All of which is perhaps a reminder that Europe is as bloated, corrupt, and sclerotic as it was in 2000-2001, when the euro was pummeled in a crisis of confidence. However, the loss of stature of the US, both in terms of its political leadership and its financial markets, has perhaps obscured the warts on the European project for the past few years. Nevertheless, with a change in political leadership around the corner in the United States, might longer term investors take stock of their positions and begin to close some long-standing dollar shorts?
Maybe. What does seem clear is that EUR/USD is approaching some pretty key technical levels, a break of which could spur a nice dollar rally.
However, it's probably premature to get too excited about buying dollars. Last weekend's G8 meeting whiffed in terms of being remotely relevant, and the market is still pricing some pretty punchy expectations for Fed tightening. Some commentators have suggested that if there were going to be a US recession, it would be here already.

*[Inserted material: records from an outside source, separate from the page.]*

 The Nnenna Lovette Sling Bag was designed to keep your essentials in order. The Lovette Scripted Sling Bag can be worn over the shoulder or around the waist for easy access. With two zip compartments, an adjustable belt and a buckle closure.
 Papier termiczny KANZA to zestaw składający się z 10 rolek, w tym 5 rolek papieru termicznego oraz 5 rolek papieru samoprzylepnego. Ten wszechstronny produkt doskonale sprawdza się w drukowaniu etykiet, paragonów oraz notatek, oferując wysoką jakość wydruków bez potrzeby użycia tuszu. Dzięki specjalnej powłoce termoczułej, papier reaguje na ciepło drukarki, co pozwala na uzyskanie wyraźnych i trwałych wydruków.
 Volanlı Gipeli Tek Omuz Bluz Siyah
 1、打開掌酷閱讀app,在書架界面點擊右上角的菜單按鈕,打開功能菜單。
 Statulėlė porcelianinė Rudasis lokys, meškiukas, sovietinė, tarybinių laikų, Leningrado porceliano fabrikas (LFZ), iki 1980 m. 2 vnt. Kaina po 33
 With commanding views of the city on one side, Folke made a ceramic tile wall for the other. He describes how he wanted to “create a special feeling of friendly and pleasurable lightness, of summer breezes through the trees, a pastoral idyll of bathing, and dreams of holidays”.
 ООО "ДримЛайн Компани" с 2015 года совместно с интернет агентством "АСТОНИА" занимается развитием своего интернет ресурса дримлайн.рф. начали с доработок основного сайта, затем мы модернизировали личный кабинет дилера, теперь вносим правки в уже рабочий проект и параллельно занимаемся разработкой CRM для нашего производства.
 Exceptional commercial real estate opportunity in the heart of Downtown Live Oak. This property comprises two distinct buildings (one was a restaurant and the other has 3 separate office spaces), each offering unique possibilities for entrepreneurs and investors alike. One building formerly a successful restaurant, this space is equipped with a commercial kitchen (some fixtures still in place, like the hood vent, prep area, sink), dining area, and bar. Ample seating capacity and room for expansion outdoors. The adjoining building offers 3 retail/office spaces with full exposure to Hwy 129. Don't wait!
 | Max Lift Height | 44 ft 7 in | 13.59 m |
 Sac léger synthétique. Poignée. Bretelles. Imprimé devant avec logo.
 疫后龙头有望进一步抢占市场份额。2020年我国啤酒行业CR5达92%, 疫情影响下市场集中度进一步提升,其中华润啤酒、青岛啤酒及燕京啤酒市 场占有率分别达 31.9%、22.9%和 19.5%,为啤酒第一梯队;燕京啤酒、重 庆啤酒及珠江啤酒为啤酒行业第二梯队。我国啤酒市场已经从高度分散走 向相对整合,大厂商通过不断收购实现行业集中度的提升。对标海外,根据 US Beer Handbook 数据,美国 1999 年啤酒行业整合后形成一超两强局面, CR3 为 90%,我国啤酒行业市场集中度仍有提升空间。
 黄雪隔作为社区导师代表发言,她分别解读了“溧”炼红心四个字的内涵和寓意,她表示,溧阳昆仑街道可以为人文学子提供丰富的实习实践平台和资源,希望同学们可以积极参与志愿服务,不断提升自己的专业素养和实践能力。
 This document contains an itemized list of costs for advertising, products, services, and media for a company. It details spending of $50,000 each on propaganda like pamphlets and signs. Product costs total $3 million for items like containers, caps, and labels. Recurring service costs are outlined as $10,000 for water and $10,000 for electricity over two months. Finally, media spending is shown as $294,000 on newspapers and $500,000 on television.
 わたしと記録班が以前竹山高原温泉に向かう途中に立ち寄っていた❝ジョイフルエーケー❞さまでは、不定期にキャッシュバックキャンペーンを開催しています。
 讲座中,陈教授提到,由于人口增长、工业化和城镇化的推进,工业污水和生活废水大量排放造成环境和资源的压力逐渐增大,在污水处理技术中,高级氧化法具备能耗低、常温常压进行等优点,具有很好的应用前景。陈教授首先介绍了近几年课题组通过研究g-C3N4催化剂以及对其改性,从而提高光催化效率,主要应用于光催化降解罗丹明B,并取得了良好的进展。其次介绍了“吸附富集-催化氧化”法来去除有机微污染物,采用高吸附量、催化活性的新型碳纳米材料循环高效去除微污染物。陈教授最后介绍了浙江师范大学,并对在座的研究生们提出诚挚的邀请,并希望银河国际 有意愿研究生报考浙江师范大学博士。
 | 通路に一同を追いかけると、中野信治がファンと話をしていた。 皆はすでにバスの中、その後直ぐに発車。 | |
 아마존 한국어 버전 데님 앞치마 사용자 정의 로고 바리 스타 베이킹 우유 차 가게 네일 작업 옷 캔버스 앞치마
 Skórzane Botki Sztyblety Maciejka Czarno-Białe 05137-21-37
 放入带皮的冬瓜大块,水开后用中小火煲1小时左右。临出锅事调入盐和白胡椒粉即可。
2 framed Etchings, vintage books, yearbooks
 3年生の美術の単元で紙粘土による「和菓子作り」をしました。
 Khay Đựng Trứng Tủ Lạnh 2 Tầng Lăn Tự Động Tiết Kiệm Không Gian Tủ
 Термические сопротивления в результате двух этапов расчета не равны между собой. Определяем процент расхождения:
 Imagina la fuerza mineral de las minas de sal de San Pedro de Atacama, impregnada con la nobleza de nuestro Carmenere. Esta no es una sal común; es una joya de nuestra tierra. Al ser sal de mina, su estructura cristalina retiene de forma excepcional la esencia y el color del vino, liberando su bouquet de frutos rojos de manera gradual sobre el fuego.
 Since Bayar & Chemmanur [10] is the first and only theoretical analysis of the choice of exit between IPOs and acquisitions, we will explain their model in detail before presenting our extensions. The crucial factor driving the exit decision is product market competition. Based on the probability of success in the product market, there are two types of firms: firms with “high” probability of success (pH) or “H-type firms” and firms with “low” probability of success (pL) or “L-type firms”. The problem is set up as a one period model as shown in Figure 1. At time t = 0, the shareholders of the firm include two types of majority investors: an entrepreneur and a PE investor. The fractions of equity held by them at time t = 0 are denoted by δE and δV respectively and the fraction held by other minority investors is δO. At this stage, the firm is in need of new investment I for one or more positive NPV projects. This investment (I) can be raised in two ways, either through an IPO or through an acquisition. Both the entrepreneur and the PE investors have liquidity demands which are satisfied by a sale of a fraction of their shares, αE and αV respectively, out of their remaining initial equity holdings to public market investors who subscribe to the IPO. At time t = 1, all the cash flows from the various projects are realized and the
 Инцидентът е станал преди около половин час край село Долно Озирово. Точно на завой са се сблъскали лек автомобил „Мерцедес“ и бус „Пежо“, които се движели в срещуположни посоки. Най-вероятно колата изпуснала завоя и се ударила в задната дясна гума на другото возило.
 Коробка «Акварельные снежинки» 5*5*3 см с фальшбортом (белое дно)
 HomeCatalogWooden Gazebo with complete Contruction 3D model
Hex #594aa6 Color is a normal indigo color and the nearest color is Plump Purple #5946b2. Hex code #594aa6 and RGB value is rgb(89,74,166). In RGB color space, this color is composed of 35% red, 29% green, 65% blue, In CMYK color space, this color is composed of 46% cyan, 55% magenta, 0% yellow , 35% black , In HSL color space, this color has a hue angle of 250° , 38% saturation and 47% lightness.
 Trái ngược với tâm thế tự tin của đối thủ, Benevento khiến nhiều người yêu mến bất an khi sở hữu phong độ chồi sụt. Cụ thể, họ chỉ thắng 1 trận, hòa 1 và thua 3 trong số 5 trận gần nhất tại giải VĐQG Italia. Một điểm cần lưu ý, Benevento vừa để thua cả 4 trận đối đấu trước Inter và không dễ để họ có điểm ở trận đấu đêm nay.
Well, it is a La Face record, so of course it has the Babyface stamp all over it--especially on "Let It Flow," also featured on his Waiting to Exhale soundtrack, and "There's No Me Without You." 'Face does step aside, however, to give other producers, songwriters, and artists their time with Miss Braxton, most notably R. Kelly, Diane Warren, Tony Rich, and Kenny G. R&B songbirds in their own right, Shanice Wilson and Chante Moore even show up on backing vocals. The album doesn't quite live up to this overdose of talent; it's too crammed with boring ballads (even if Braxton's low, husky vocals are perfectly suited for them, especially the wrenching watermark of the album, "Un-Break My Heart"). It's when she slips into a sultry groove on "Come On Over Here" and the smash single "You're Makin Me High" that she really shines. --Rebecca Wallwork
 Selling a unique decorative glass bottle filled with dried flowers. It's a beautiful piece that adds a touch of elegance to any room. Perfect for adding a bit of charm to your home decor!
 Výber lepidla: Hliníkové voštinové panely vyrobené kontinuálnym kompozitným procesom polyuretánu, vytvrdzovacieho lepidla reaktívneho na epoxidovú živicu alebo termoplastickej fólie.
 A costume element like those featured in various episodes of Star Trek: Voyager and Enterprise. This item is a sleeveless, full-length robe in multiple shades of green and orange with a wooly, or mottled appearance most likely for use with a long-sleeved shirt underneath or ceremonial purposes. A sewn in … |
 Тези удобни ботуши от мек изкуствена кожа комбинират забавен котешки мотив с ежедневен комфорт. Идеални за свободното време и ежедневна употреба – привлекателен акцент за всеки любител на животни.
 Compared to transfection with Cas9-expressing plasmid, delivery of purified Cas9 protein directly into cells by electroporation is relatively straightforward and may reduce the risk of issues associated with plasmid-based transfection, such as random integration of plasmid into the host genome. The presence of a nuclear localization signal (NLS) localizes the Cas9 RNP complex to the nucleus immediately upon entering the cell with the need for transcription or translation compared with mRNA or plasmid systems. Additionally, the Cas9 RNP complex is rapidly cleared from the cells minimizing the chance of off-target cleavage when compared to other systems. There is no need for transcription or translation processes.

Who's to say it isn't? The labour market has deteriorated to a degree that is typically only observed in recessions. Sure, the last unemployment reading may have been distorted by odd factors....but does anyone not think that the birth/death model isn't artificially inflating monthly payroll figures. And sure, recent retail sales figures were better than expected, reading a "whopping" 2.5% y/y gain. Of course, if we deflate it by the CPI (yeah, yeah, I know, there are different things in each basket), we get a comfortably negative volume reading...which we haven;t seen since...er...the aftermath of the last recession.
So for now, Macro Man is content to leave EUR/USD to the mercantilists, spivs, and masochists. Now if only those guys would lave equity markets alone, perhaps there'd be some money to be made this summer!